YOUR GOAL: Quote the lines of the data below verbatim, beginning at the line that contains "Xingda GXC 알루미늄" and ending at the last line, both included, and excluding pictures.
DATASET SECTION Block Start
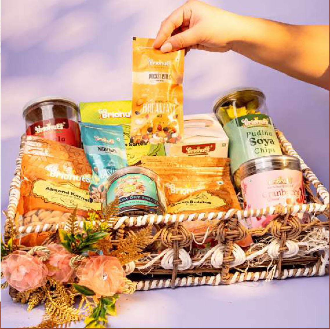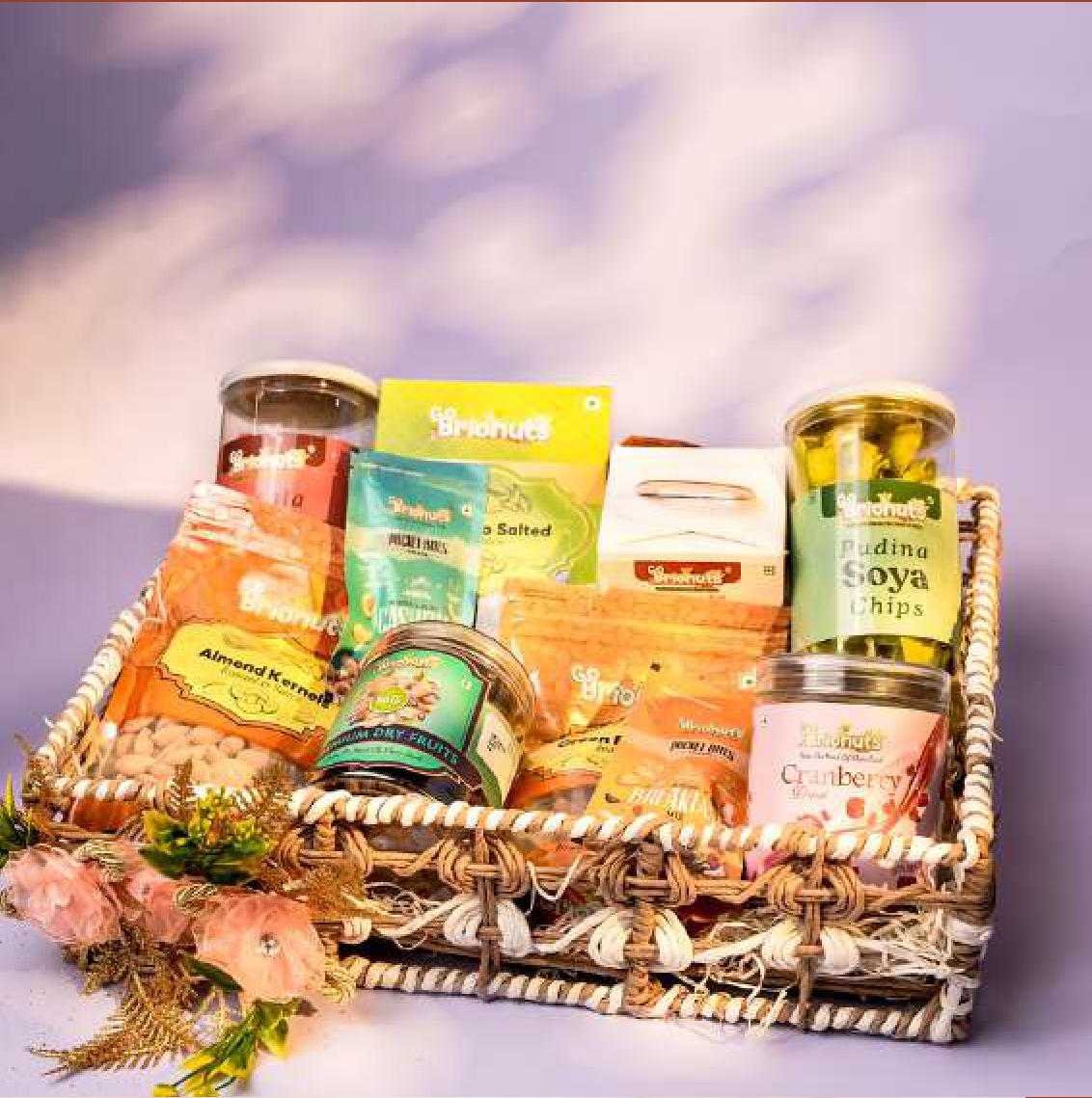 Features: Assorted snacks, Decorative basket, Includes dry fruits and nuts, Includes savory chips
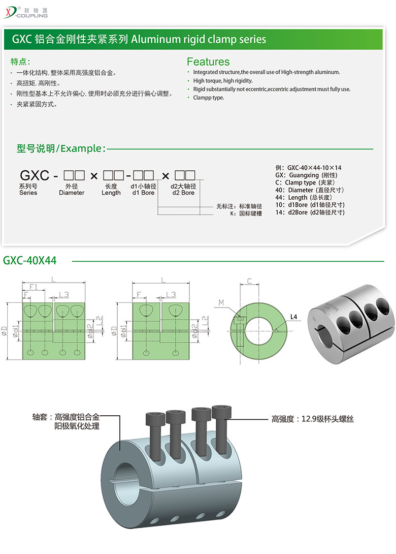 Xingda GXC 알루미늄 합금 엄밀한 커플링 클램핑 조각 기계 믹서 볼 스크류 통합 커플링 M &
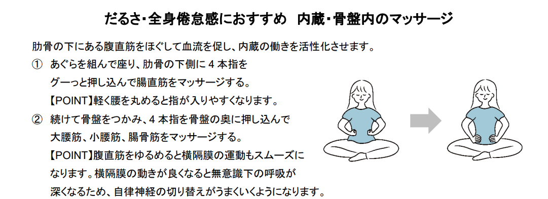 夏バテの対処法として挙がった回答には、身体を冷やす行為が目立ちました。私たちは空調の効いた屋内と外の温度差によって、寒暖差疲労を起こしやすくなっています。現代の夏バテの症状を改善するには、急激な体温調整によって負荷のかかった自律神経の乱れを整えることが肝心です。温かい食べ物や入浴で身体を温め、冷たい飲み物や食べ物、カフェインやアルコールは摂り過ぎないようにしましょう。食欲の低下、胃痛、吐き気、腹部膨満感、吐き気、下痢や便秘気味などがあると、胃腸の状態が安定しません。発酵食品も腸内環境を良い状態にします。ヨーグルトやみそなどの発酵食品を、生活中で取り入れましょう。夏バテの症状で多い、だるさ・全身倦怠感には、内蔵・骨盤内のマッサージをおすすめします。また起床時は、体が脱水傾向にあるので、コップ1杯の水か白湯を飲むようにしましょう。胃腸の動きも整います。
DATASET SECTION Block End
COMPLETED EXERCISE:
 Xingda GXC 알루미늄 합금 엄밀한 커플링 클램핑 조각 기계 믹서 볼 스크류 통합 커플링 M &
 夏バテの対処法として挙がった回答には、身体を冷やす行為が目立ちました。私たちは空調の効いた屋内と外の温度差によって、寒暖差疲労を起こしやすくなっています。現代の夏バテの症状を改善するには、急激な体温調整によって負荷のかかった自律神経の乱れを整えることが肝心です。温かい食べ物や入浴で身体を温め、冷たい飲み物や食べ物、カフェインやアルコールは摂り過ぎないようにしましょう。食欲の低下、胃痛、吐き気、腹部膨満感、吐き気、下痢や便秘気味などがあると、胃腸の状態が安定しません。発酵食品も腸内環境を良い状態にします。ヨーグルトやみそなどの発酵食品を、生活中で取り入れましょう。夏バテの症状で多い、だるさ・全身倦怠感には、内蔵・骨盤内のマッサージをおすすめします。また起床時は、体が脱水傾向にあるので、コップ1杯の水か白湯を飲むようにしましょう。胃腸の動きも整います。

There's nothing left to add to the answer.